Balas Shelina tak kalah tulus. Jawaban Shelina juga secara spontan keluar dari mulutnya tanpa ia rencanakan. Kini giliran Argantara yang memejamkan matanya saat mendengar ucapan yang sangat tulus itu dari kekasihnya. Argantara langsung membawa Shelina ke dalam pelukannya. Sungguh ia sangat mencintai gadisnya itu.


"I love you. Trust me, i Will keep my heart for you,”


Bisik Argantara pada Shelina yang masih di dalam pelukannya itu.


"I love you more,”


Balas Shelina dengan berbisik juga. Shelina makin mengeratkan pelukan nya dengan Argantara.


Semuanya mengalir di temani matahari yang perlahan kembali ke peraduannya.
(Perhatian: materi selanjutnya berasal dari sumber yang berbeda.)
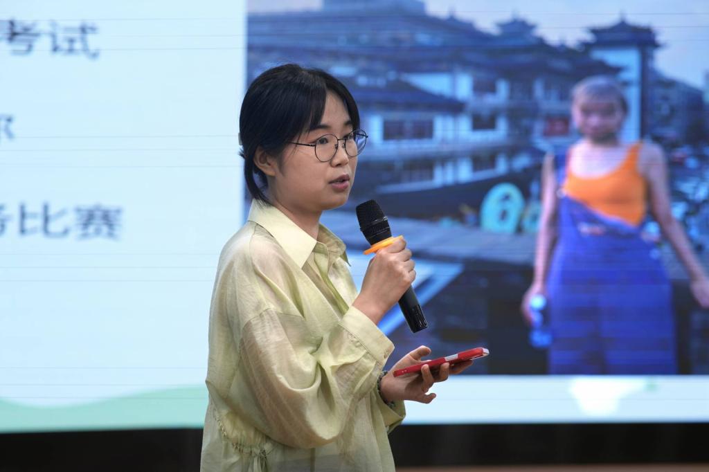 考研优秀代表陈佳一做分享。她表示在选择专业和学校时,应多利用网络数据库寻找专业信息,找到适合自己的方向。同时,要把握好学习进度,合理规划时间,确保复习效率。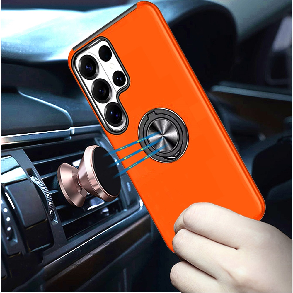 For Samsung s25 Ultra CHIEF Oil Painted Magnetic Ring Stand Hybrid Case Cover - Cosmic Orange

Shelina memeluk Shelina dengan sangat erat. Begitu pula dengan Shelina yang sangat nyaman berada dalam dekapan laki-laki yang sangat ia cintai itu.
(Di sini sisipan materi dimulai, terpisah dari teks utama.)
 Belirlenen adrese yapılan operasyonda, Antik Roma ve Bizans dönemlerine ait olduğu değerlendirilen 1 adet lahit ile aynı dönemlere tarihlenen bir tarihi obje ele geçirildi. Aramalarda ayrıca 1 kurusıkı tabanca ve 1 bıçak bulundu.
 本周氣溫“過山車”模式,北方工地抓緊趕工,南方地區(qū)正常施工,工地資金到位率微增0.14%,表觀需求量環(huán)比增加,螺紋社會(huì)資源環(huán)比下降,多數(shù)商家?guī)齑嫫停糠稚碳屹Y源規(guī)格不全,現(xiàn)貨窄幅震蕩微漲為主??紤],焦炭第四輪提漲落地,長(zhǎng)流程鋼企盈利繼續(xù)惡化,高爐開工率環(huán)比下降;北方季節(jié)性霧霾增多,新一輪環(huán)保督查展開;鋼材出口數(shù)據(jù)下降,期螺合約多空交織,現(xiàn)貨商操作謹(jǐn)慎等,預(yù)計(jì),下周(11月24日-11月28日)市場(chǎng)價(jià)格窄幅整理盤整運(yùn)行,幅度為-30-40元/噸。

Setelah beberapa lama mereka berpelukan dan menyalurkan rasa cinta mereka masing-masing, Argantara melepaskan pelukannya secara lembut dan menatap Shelina sembari tersenyum.
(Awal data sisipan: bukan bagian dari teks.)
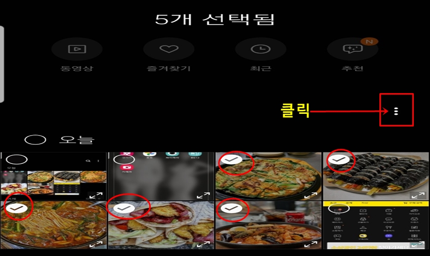 콜라주 만들 사진을 위 사진처럼 선택 후 상단의 점 3개 표시 메뉴를 클릭해주세요.

"Sekarang kita makan ya. Kamu udah laper kan?"


Tanya Argantara saat melepaskan pelukannya. Dan di balas oleh anggukan cepat oleh Shelina. Saat ini Shelina memang sangat lapar. Argantara hanya terkekeh melihat sikap kekasihnya itu yang masih seperti anak-anak kalau sedang lapar.


"Ya udah yuk,”


Ajak Argantara sembari menggandeng tangan Shelina.


Shelina mengernyitkan dahinya saat sudah memasuki restoran ini. Kenapa pemandangan laut dapat terlihat jelas di sini? Bahkan semua biota laut dapat dilihat dari dinding restoran ini yang terbuat dari kaca. Seperti restaurant yang berada di dalam laut.


"Ga,"


Panggil Shelina pada Argantara sembari masih terfokus dengan pemandangan indah di restaurant ini.


"Iya?"


Jawab Argantara lembut.


"Restoran ini ada di bawah laut ya? Kok pemandangan laut bisa kelihatan dari sini?"


Tanya Shelina yang masih bingung dengan semua ini. Sungguh ia sangat menyukai pemandangan bawah laut seperti ini. Terdapat Banyak jenis ikan dan biota laut lain yang berenang dengan gesitnya, belum lagi terumbu karang yang tumbuh dengan sangat indah.


"Iya, Shel,”


Jawab Argantara atas kebingungan Shelina. Saat mendengar jawaban Argantara, Shelina langsung beralih fokus dari yang tadinya sedang asyik menikmati pemandangan bawah laut ini, sesaat kemudian menatap Argantara dengan sumringah.

__ADS_1


"Ya ampun, ini keren banget,”


Ucap Shelina lagi dan kembali melihat pemandangan bawah laut ini dengan sangat antusias.